*** working document ***

SWC plus (SWC+) format specification

Reconstructed neuron morphologies play a very important role in the data exchange between neurophysiology labs and the general neuroscience community. The currently used data formats however are not good at maximizing the knowledge that can be extracted from the data. On the one hand there are closed source formats that have been developed over the years to support the ever expanding featureset of commercial tracing software that is often directly attached to the microscope setup. The most popular format being Neurolucida (MicroBrightField Inc.) in various incarnations. The schema behind these formats has been reverse-engineered to some extent, but remains elusive. On the other side of the spectrum is the very simple SWC format (Cannon, 1998), that was designed to store trees as connected cylindrical segments to form the basis of compartmental models. The conversion from the commercial, feature-rich formats to SWC comes with a big loss of information, for example all lines, markers or contours that mark features of the neuron and its position in the tissue are lost.
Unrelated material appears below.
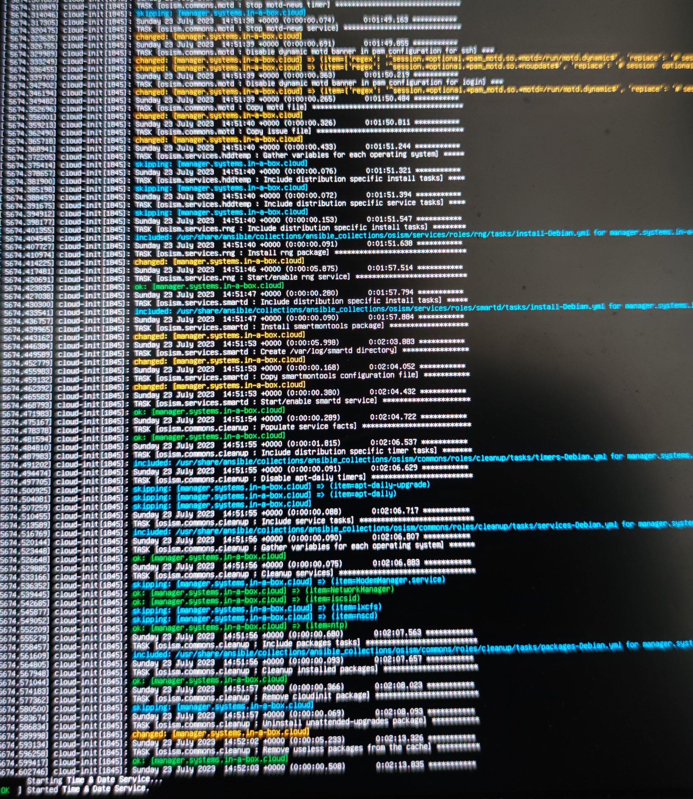 The deployment just flies across my screen – thanks to the larger font, I can finally read along. Heaps of system messages appear in different colors, all of which have a meaning. Green is okay, blue or purple means skipped, and yellow means changed: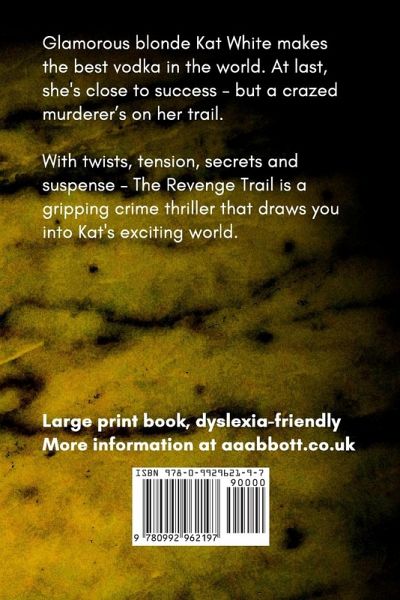 Don't you wish print was easier to read? Here's your answer! This pacy crime thriller has been published in a LARGE PRINT format that's dyslexia-friendly too. She dreamed of making vodka to die for. With a killer on her trail, will the taste of success spell her doom? Glamorous Kat White has finally made it big. Her craft vodka brand and her life are going places, while the mother who abandoned her faces financial ruin. Then Kat's shady sales partner admits he's about to go under. With her business on the line, Kat warily agrees to front a fancy ad campaign. After all, the stalker who shot at her is safely behind bars, so what can possibly go wrong? As a cold-blooded killer plans his jailbreak, Kat dreams of love and success. Perhaps she should just focus on staying alive... Fourth in the compelling Trail series of British crime thrillers, The Revenge Trail sizzles with secrets, suspense and twists. Thrill to the excitement of Kat's dramatic life - get your copy today! Printed in Lexend 14 point with 1.5 line spacing. The large print in sans serif font, wide line spacing, cream paper and short chapters make this edition a breeze to read. Helpful to readers with visual impairment or visual stress, and dyslexic readers. Also available in traditional paperback and e-book formats.

What all formats lack is a standard way to describe such features, there is no standard way to label the border between layer 1 and 2. "layer 1/2", "Layer 1", "border between layer 1 and 2"? This is the motivation to introduce a new format called SWC+. As the name suggests it is derived from SWC. It does however allow lines, contours, markers and even images and surfaces to be embedded, and if desired a neuronal tree can be distributed across multiple files. SWC+ comes with a Type Library that encourages the use of common terminology in describing properties of neurons and the surrounding tissue.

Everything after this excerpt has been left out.